Score:1

Manually deriving asymmetric key pairs with Openssl

cw flag

In Openssl, is there a way to systematically generate a private key such that every time you perform this key derivation, you produce the same private key?

It seems like every openssl command that generates private keys does so randomly. So, if you lose your private key file for whatever reason, there's no practical method of recovering it. I know you can control some parameters of RSA key generation like the size and the exponent, but what if you wanted a specific modulus that you could remember?

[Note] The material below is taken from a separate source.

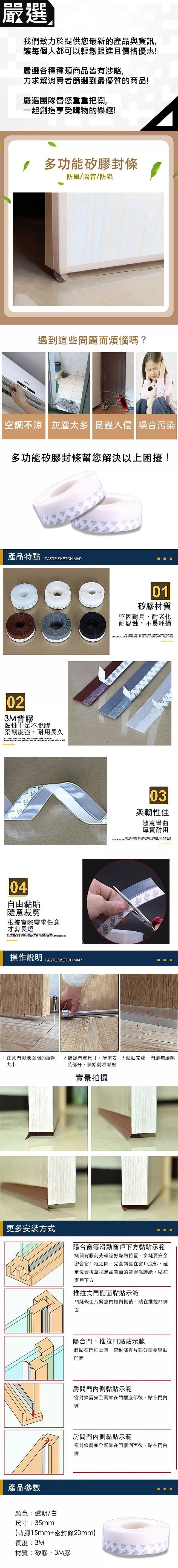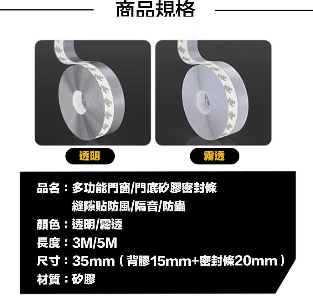 【嚴選】多功能門窗/門底矽膠密封條/縫隙貼防風/隔音/防蟲(3M/透明)

Likewise, for ECDSA if you know a private key that is valid for a particular curve type,

  • How would you generate the public key from that chosen private key?
  • Maybe there is a way to edit a PKCS1/8 file so that you can change the private key?
  • Or, maybe there is an option for genrsa/gendsa/genpkey/etc that allows you to derive the private key from a passphrase?
knaccc avatar
es flag
I see the problem - the private key PEM file contains an uncompressed public key which bloats the length of the file, which means there is an unnecessary amount of information that would need to be written down. [These answers](https://stackoverflow.com/a/59329138/8656811) say you can't do it with OpenSSL, but you can specify a seed with GnuTLS
Score:1
cn flag

For RSA, because the key is highly structured, no.

For ECDSA/ECDH you can just use a costly hash like scrypt or argon2 of whatever, truncated if necessary, as privatekey and openssl can derive the publickey -- see https://stackoverflow.com/questions/48101258/ (commandline) or https://stackoverflow.com/questions/75474348/ (library). For EdDSA/XDH and DSA (in a known group, which doesn't need to be secret) you don't even need that; PKCS8 format only needs the privatekey number (which for XDH must be munged slightly to ensure it's not in a small subgroup and the multiplication can't be shortcutted creating a sidechannel).

But any key you can remember, or derived from something you can remember, is very likely breakable -- some Bitcoin users tried this and most lost their money; google brainwallet. (Although this happened back when Bitcoin was only a few hundred dollars, so they didn't feel quite as much agony as they would have last year, and maybe yet this year it will bounce back, who knows.)